The lens galaxy's light is an Sersic.
The lens galaxy's total mass distribution is an Isothermal and ExternalShear.
The source galaxy's light is an Sersic.

In [ ]:

dataset_name = "lens_sersic"
dataset_path = path.join("dataset", "imaging", dataset_name)

dataset = al.Imaging.from_fits(
    data_path=path.join(dataset_path, "data.fits"),
    noise_map_path=path.join(dataset_path, "noise_map.fits"),
    psf_path=path.join(dataset_path, "psf.fits"),
    pixel_scales=0.1,
)

we'll create and use a smaller 2.0" Mask2D again.

In [ ]:

mask = al.Mask2D.circular(
    shape_native=dataset.shape_native, pixel_scales=dataset.pixel_scales, radius=2.6
)

dataset = dataset.apply_mask(mask=mask)

dataset_plotter = aplt.ImagingPlotter(
    dataset=dataset, visuals_2d=aplt.Visuals2D(mask=mask)
)
dataset_plotter.subplot_dataset()

Nested Sampling

Lets first perform the model-fit using Nautilus, but look at different parameters that control how long it takes to run. We'll therefore discuss in a bit more detail how Nautilus works, but still keep this description conceptually simple
and avoid technical terms and jargon. For a complete description of Nautilus you should check out the Nautilus publication https://arxiv.org/abs/2306.16923.

nlive:

Nautilus is a nested sampling algorithm. As we described in chapter 2, it throws down a set of live points in parameter space, where each live point corresponds to a lens model with a given set of parameters. These points are initially distributed according to our priors, hence why tuning our priors allows us to sample parameter space faster.
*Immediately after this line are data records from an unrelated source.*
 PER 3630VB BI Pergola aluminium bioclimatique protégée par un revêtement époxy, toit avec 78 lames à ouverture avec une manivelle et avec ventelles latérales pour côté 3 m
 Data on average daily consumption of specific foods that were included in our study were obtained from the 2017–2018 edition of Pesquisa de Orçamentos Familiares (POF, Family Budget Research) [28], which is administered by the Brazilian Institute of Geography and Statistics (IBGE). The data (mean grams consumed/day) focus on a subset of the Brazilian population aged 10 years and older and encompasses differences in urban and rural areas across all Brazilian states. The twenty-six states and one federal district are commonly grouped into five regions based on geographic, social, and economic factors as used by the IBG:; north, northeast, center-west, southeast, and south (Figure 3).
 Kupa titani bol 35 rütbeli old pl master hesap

The number of live points is set by the parameter n_live. More points provide a more thorough sampling of parameter space, increasing the probability that we locate the global maxima solution. Therefore, if you think your model-fit has gone to a local maxima, you should try increasing n_live. The downside of this is Nautilus will take longer to sample parameter space and converge on a solution. Ideally, we will use as few live points as possible to locate the global maxima as quickly as possible.

f_live:

A nested sampling algorithm estimates the Bayesian Evidence of the model-fit, which is quantity the non-linear search algorithms we introduce later do not. The Bayesian evidence quantifies how well the lens model as a whole fits the data, following a principle called Occam's Razor (https://simple.wikipedia.org/wiki/Occam%27s_razor). This penalizes models for being more complex (e.g. more parameters) and requires that their additional complexity improve their overall fit to the data compared to a simpler model. By computing the comparing the Bayesian evidence of different models one can objectively choose the lens model that best fits the data.
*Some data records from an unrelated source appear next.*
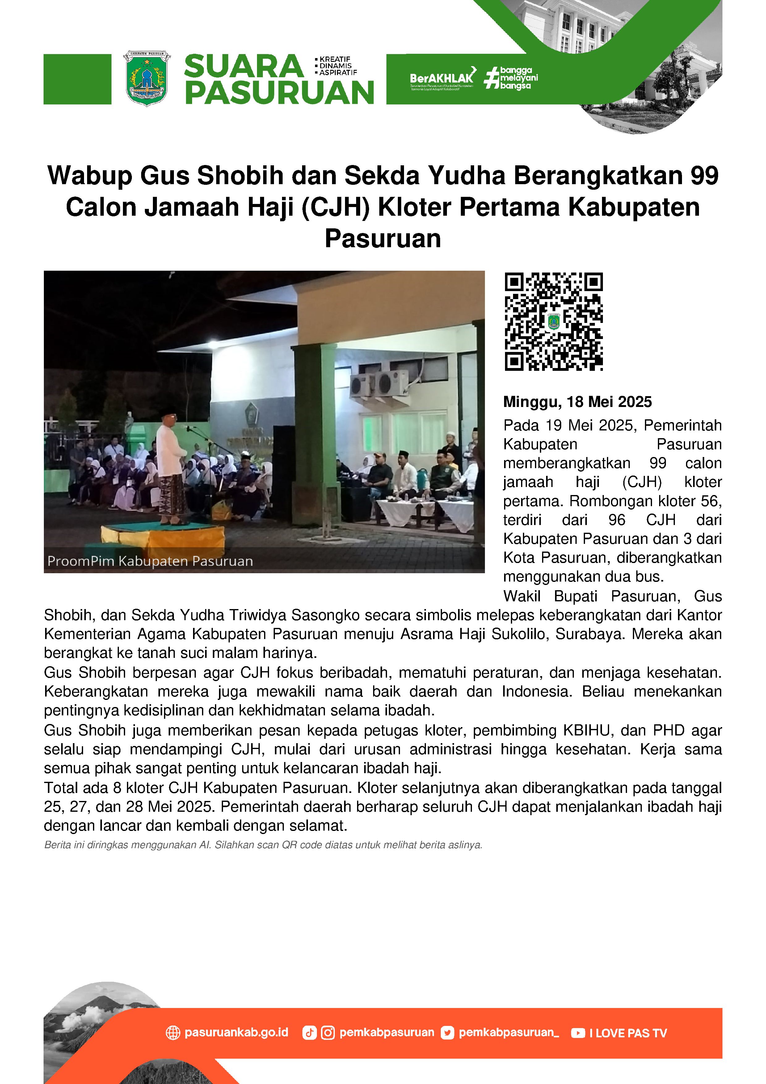 Hari ini, Minggu (19/5/2025), Pemerintah Kabupaten Pasuruan memberangkatkan Calon Jamaah Haji (CJH) Kabupaten Pasuruan Tahun 1446 Hijriyah/2025 Masehi. Adapun rombongan yang diberangkatkan dengan menggunakan 2 bus, kloter 56, merupakan kloter perdana Kabupaten Pasuruan.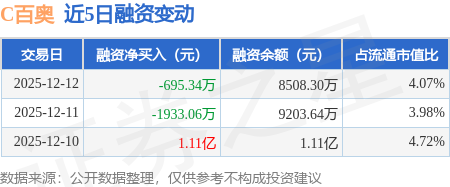 证券之星消息,12月12日,C百奥(688796)融资买入4355.61万元,融资偿还5050.95万元,融资净卖出695.34万元,融资余额8508.3万元。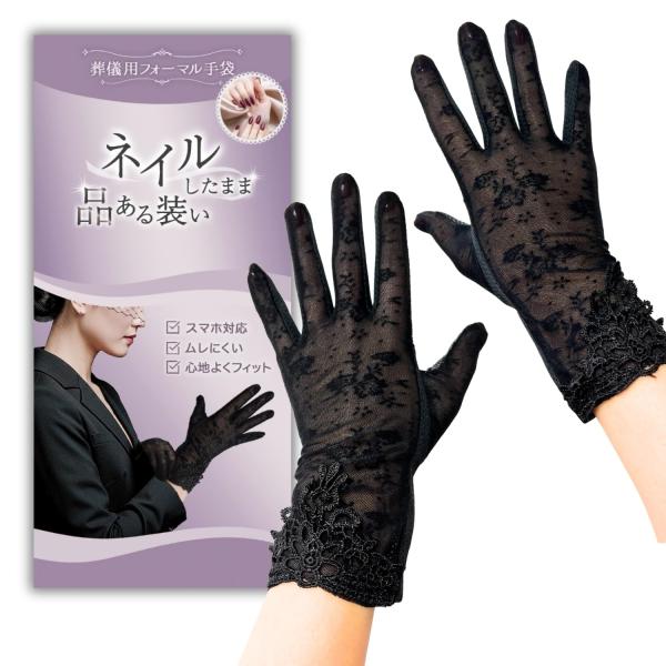 [Bliss Gee] 葬儀用 フォーマル手袋 レディース 黒 ネイル シミ シワ隠し 指長効果 レース 通気性 メッシュ加工 スマホ対応

A nested sampling algorithm stops sampling when it estimates that continuing sampling will not increase the Bayesian evidence (called the log_evidence) by more than the f_live. As Nautilus progresses and converges on the solution, the rate of increase of the estimated Bayesian evidence slows down. Therefore, higher f_lives mean Nautilus terminate sooner.

A high f_live will make the errors estimated on every parameter unreliable and its value must be kept below 0.8 for reliable error estimates. However, when chaining searches, we typically do not care about the errors in the first search, therefore setting a high evidence tolerance can be an effective means to make Nautilus converge faster (we'll estimate reliable errors in the second search when the `f_live is 0.8 or less).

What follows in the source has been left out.